Collect every line of the records below that contains the word "Casa".
** Opening RECORDS SHOWN block **
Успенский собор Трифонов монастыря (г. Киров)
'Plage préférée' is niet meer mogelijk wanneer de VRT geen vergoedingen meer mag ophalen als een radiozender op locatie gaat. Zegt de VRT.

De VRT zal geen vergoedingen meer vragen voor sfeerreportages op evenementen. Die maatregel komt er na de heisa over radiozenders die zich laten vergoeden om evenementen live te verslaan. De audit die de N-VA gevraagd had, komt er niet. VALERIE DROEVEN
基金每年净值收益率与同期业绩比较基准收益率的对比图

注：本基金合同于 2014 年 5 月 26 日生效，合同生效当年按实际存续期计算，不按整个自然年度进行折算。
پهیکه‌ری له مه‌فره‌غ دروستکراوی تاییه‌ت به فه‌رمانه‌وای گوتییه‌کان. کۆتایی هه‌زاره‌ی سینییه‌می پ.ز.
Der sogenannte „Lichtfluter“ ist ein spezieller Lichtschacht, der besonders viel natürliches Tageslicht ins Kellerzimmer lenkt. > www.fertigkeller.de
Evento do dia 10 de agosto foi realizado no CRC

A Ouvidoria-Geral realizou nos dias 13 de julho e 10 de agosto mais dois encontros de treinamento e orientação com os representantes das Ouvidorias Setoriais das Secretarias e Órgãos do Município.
** Closing RECORDS SHOWN block **
** Opening RECORDS SHOWN block **
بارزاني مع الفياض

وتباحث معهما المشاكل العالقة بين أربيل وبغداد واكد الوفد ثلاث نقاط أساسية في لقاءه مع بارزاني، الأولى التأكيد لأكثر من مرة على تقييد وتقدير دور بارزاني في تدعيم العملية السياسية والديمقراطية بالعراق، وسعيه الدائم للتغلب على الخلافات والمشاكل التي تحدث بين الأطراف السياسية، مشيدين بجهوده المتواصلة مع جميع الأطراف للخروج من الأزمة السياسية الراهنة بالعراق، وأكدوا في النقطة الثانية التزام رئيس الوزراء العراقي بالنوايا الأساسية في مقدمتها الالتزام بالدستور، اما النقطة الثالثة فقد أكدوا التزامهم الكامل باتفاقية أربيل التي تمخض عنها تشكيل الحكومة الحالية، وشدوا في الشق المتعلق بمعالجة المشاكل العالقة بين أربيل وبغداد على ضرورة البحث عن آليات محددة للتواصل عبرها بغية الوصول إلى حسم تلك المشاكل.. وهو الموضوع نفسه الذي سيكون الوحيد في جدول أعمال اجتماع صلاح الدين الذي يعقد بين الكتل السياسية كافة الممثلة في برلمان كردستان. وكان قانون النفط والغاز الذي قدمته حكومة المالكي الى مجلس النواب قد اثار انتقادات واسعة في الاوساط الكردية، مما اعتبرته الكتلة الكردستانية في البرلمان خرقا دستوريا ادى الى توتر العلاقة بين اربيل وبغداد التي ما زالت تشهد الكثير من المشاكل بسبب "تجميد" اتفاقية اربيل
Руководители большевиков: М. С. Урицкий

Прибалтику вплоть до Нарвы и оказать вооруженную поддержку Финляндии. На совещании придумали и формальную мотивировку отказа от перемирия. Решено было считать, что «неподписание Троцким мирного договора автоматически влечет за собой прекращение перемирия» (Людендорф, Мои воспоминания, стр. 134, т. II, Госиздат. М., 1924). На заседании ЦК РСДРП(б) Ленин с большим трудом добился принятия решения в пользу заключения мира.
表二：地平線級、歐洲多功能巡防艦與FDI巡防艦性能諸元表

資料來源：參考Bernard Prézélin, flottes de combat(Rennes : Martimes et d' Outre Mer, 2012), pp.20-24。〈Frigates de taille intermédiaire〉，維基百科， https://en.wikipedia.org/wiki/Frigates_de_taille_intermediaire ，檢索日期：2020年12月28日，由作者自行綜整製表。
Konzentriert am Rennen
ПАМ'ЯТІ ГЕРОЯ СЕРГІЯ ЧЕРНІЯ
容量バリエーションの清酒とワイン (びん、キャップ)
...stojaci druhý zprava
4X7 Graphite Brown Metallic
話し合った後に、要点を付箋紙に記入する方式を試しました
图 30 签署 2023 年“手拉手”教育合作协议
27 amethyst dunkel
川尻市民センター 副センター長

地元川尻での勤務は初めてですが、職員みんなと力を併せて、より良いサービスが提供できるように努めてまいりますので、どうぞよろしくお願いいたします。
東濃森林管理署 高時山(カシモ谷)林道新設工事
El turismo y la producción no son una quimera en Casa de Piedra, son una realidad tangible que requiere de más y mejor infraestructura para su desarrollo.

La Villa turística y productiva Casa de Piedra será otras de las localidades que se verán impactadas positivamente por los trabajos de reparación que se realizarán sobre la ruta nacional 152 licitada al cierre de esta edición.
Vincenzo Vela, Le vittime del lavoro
** Closing RECORDS SHOWN block **
- _RESULT OF THE TASK_:
El turismo y la producción no son una quimera en Casa de Piedra, son una realidad tangible que requiere de más y mejor infraestructura para su desarrollo.
La Villa turística y productiva Casa de Piedra será otras de las localidades que se verán impactadas positivamente por los trabajos de reparación que se realizarán sobre la ruta nacional 152 licitada al cierre de esta edición.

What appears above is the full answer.